Darin breitet der 32-jährige Norweger in aller Ausführlichkeit seine Ansichten aus - das Manifest ist ein einziges Zeugnis von Fremdenfeindlichkeit, Islamophobie und blinden Hasses gegenüber jeder Form von Andersartigkeit. Und genau dieser Hetzschrift soll es nach dem Wunsch von Anonymous nun an den Kragen gehen. Offen rufen sie Internetnutzer auf der ganzen Welt dazu auf, sich des Textes anzunehmen und es gezielt mit falschen Inhalten zu füllen und weiter zu verbreiten.

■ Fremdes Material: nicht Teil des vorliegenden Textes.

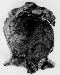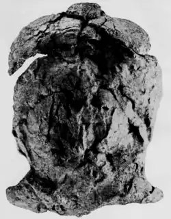 The Gongwangling skull is relatively complete, and comprises the frontal bone (forehead), most of the parietal bones (top of the head), the right temporal bone (sides of the head), the bottom margins of the nasal bones (between the eyes), and pieces of the maxillae (upper jaws). It is a bit distorted, with the right orbit jutting out farther than the left, several elements are slightly flattened, the depressions and the middle of the frontal bone are craggy due to corrosion, and the left parietal flexes out a bit more than normal. Based on the size and wearing of the molars (and assuming they degrade faster than those of modern humans), Woo estimated the individual was a 30 year old female. Overall, the skull is quite archaic, according to Woo reminiscent of the contemporary Mojokerto skull from Java.[4] Woo calculated a brain volume of about 780 cc, which is quite small for H. erectus.[4] For comparison, later Asian H. erectus average roughly 1,000 cc,[13] and present-day modern humans 1,270 cc for males and 1,130 cc for females.[14] Contemporary African archaic humans (H. habilis, H. rudolfensis, and H. e? ergaster) ranged from 500–900 cc.[15]

Der Wunsch der Aktivisten: irgendwann soll es im Netz von unzähligen unterschiedlichen und falschen Ausführungen wimmeln, so dass niemand mehr die echte Schrift von Breivik ausfindig machen kann. Bei Anonymous heißt es: 'Sorgt dafür, dass Anders ein Witz wird. Sorgt dafür, dass niemand ihn mehr ernst nimmt.'

Wie man es von der Massenbewegung bereits kennt, spart man auch nicht mit großen Gesten. Die Aktion 'Operation UnManifest' schließt mit den heroischen Worten: 'Wir alle verzeihen keinen Mord, wir alle vergessen nicht die Opfer.' Das Manifest von Breivik wurde in den Tagen nach den tragischen Ereignissen bereits tausendfach heruntergeladen und weiterverschickt, man darf also gespannt sein, ob die Aktion von Anonymous am Ende von Erfolg gekrönt sein wird.